En todos esos años, combina el descanso con el impulso a las personas y a las labores del Opus Dei, no sólo en Gran Bretaña e Irlanda, sino en la Europa continental: Se desplaza por carretera a diversas ciudades de Francia, España y Alemania en 1960; y a Austria, Suiza y Francia, en 1962. En el verano del 63 descansa algún tiempo en Reparacea, un rincón del Pirineo navarro, entre San Sebastián y Pamplona. Y en el de 1964, en Elorrio, un pueblo de Vizcaya.
A Álvaro del Portillo y a Javier Echevarría -que le acompañan siempre- les pide que le sugieran planes y programas para trabajar, durante ese tiempo de vacación, en otras materias, en otros asuntos. Cuando sale de Roma, se hace un voluntario "lavado de cerebro", desconecta de su labor habitual y delega lo más posible las tareas de gobierno de la Obra. Pero su mente -una portentosa dinamo de ideas- no puede cruzarse de brazos.
El psiquiatra vienés Viktor Frankl -discípulo de Freud y judío como él, que supo desmitificar a tiempo a su maestro- conoció a Josemaría Escrivá. Después de visitarle en Villa Tevere, comentó: "Este hombre lleva en la cabeza una auténtica bomba atómica". Pues bien, en esos veranos -además de leer, estudiar y escribir- a Escrivá se le ocurrirán miles, cientos de iniciativas audaces, soluciones imaginativas, hallazgos insospechados, que él mismo irá anotando o indicará a quienes le acompañan, para "echarlos a andar" cuando regrese a Roma.
Quizá lo más llamativo en las vacaciones de monseñor Escrivá sea su escaso aparato, su sobria guarnición, su leve equipaje. Ciertamente, no son vacaciones bajo palio. Tampoco de playa y hamaca. Ni de Balneario y chaise longue.
Entre los pocos bultos que transporta el Fiat 1100, color beige no se ven ni artes de pesca, ni raquetas de tenis, ni palos de golf.

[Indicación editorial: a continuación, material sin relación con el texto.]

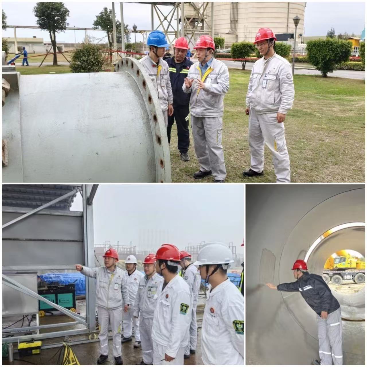 在如火如荼的三期2×660MW超超临界机组基建现场,施工人员严守安全质量红线,聚焦管道安装、钢结构吊装等关键工序及较大风险作业环节,强化电力工程建设全过程安全管控。公司领导带队深入东方海钾供水管路接口施工现场、三期循环水石方切割现场及取排水工程施工等现场开展两会保电期间安全督查;循环水管道施工环节,杨彦宇等员工俯身细致查验管道内壁细节,从严把控施工质量。工程管理部全员加强关键工序的监督,逐项核验施工流程与质量,切实筑牢电力基建安全防线。

Escrivá no ha tenido tiempo en su vida para aprender otro deporte que andar. Sin duda, en eso habrá batido todas las marcas. Por necesidad -que no por afición- ha dejado muchos pares de suelas en el asfalto de las ciudades, pateándolas de punta a cabo, mientras desplegaba un apostolado a destajo, sin "perras" para autobuses o tranvías. Siendo ya un hombre entrado en años, podía caminar -si era necesario- tres horas por la mañana y otras tantas por la tarde: Se había acostumbrado desde muy joven. En Zaragoza y en Madrid, su labor sacerdotal la hizo al golpe de sus pisadas. Cuando era un curita recién ordenado, en Perdiguera, a la hora en que el pueblo dormía la siesta, él salía a andar, a campo abierto, haciendo su oración o enseñando el catecismo al hijo del sacristán. Después, en sus viajes por Europa, roturando la tierra de los países a donde tenía que llegar el Opus Dei, procuraba recorrer las ciudades a pie. Era como auscultarlas, pero no sobre un mapa, sino en vivo. Y así las conocía. Y así las rezaba.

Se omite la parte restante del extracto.